### [What to produce]
Copy out exactly, from the entries that follow, the line holding "రోగగ్రస్తమైన లేదా చనిపోయిన", the line holding "3029 PUDIM LOWÇUCAR", and all lines between them, but no pictures.

BEGIN Records supplied

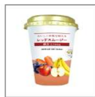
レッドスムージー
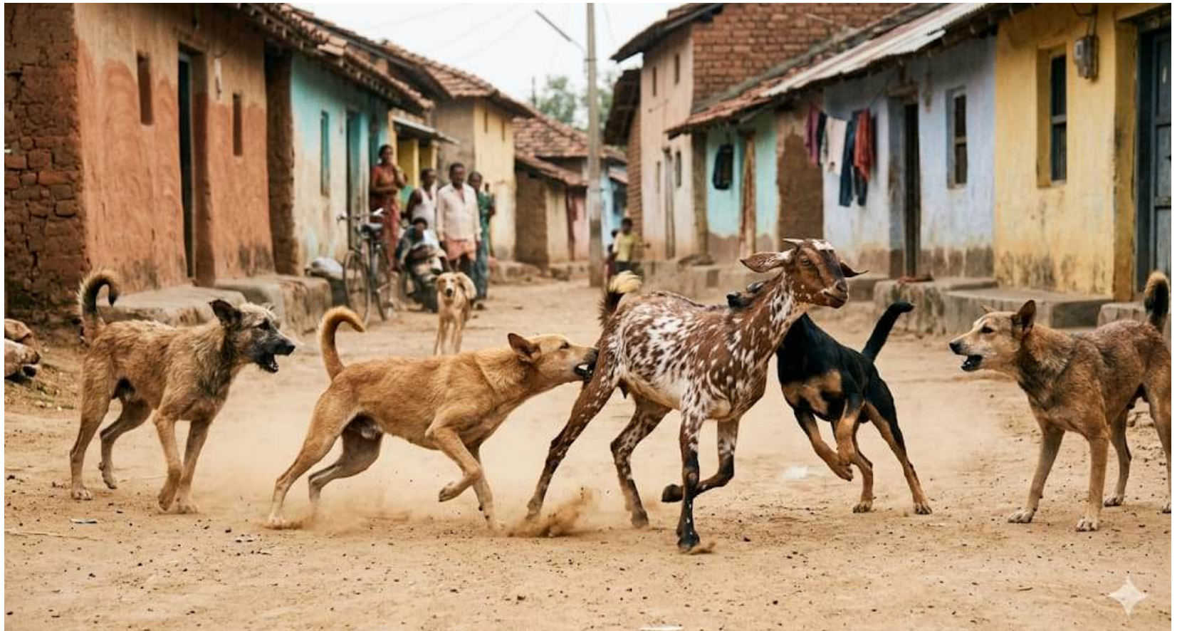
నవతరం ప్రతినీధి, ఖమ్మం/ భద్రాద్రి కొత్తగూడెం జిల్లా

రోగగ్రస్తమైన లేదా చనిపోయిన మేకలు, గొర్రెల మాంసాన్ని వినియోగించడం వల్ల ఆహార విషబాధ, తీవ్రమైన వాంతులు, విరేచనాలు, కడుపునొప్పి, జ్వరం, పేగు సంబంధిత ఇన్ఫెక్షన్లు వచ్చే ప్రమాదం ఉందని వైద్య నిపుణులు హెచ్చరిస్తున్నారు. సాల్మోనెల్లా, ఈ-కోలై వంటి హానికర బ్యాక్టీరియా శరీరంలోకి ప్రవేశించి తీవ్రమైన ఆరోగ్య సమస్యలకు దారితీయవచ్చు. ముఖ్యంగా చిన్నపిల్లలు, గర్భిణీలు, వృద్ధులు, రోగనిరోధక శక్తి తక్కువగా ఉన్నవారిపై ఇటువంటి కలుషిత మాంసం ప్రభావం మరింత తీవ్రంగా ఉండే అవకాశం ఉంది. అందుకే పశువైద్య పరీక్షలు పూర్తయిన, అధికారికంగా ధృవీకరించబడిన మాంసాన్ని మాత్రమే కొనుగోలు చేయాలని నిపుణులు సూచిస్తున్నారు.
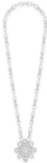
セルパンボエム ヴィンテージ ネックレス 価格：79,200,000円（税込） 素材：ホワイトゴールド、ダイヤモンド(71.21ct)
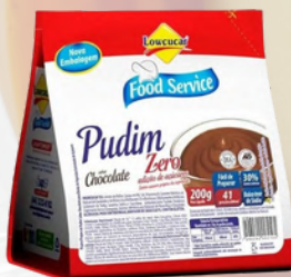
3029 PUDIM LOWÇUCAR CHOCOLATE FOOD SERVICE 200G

END Records supplied
BEGIN Records supplied

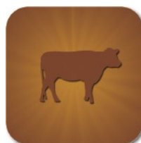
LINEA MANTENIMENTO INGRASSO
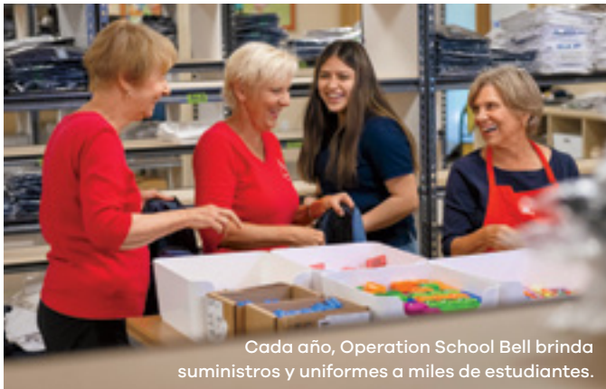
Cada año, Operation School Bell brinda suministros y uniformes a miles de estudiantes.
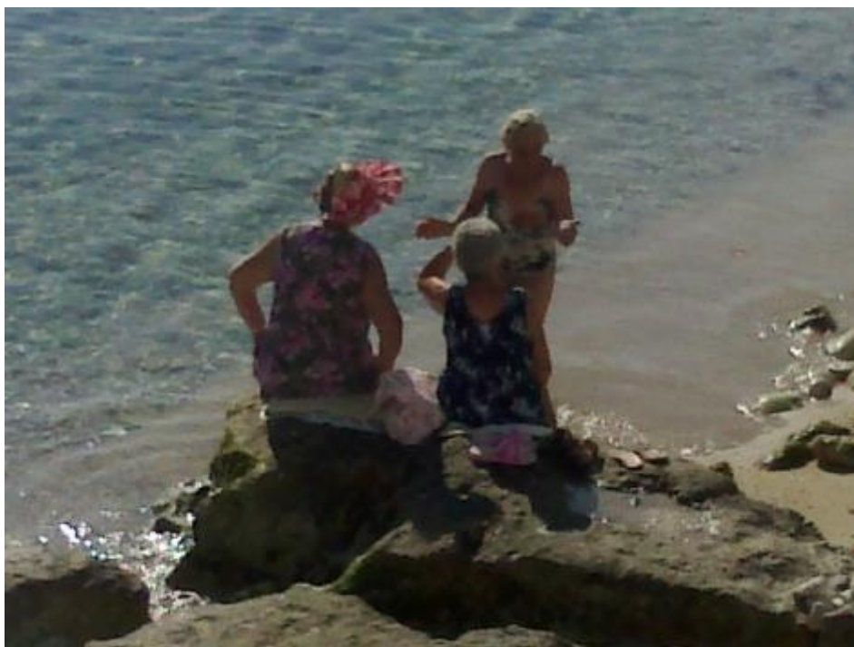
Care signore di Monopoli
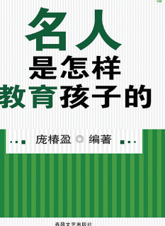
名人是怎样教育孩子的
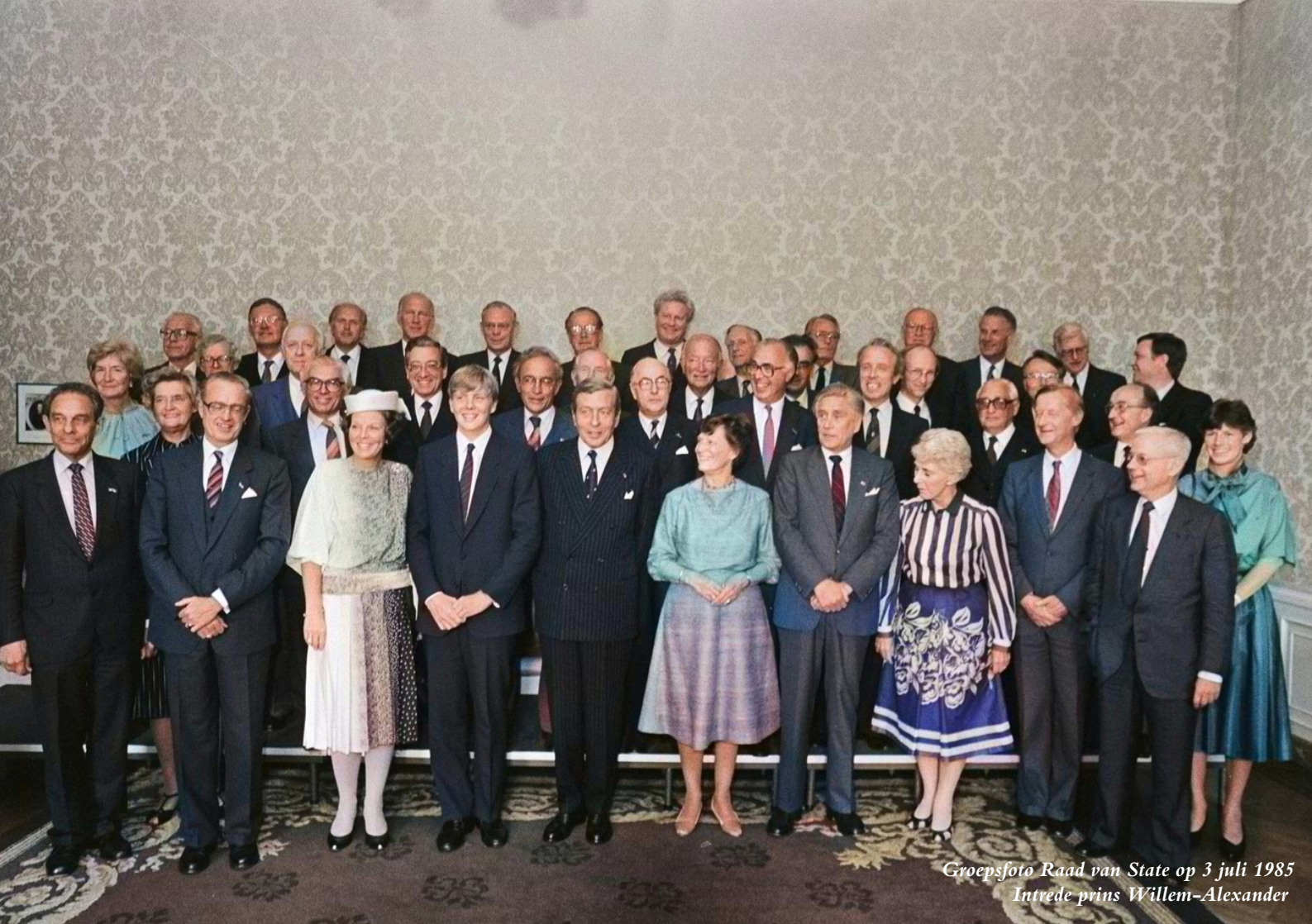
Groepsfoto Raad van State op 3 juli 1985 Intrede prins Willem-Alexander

END Records supplied

### [Response]
రోగగ్రస్తమైన లేదా చనిపోయిన మేకలు, గొర్రెల మాంసాన్ని వినియోగించడం వల్ల ఆహార విషబాధ, తీవ్రమైన వాంతులు, విరేచనాలు, కడుపునొప్పి, జ్వరం, పేగు సంబంధిత ఇన్ఫెక్షన్లు వచ్చే ప్రమాదం ఉందని వైద్య నిపుణులు హెచ్చరిస్తున్నారు. సాల్మోనెల్లా, ఈ-కోలై వంటి హానికర బ్యాక్టీరియా శరీరంలోకి ప్రవేశించి తీవ్రమైన ఆరోగ్య సమస్యలకు దారితీయవచ్చు. ముఖ్యంగా చిన్నపిల్లలు, గర్భిణీలు, వృద్ధులు, రోగనిరోధక శక్తి తక్కువగా ఉన్నవారిపై ఇటువంటి కలుషిత మాంసం ప్రభావం మరింత తీవ్రంగా ఉండే అవకాశం ఉంది. అందుకే పశువైద్య పరీక్షలు పూర్తయిన, అధికారికంగా ధృవీకరించబడిన మాంసాన్ని మాత్రమే కొనుగోలు చేయాలని నిపుణులు సూచిస్తున్నారు.
セルパンボエム ヴィンテージ ネックレス 価格：79,200,000円（税込） 素材：ホワイトゴールド、ダイヤモンド(71.21ct)
3029 PUDIM LOWÇUCAR CHOCOLATE FOOD SERVICE 200G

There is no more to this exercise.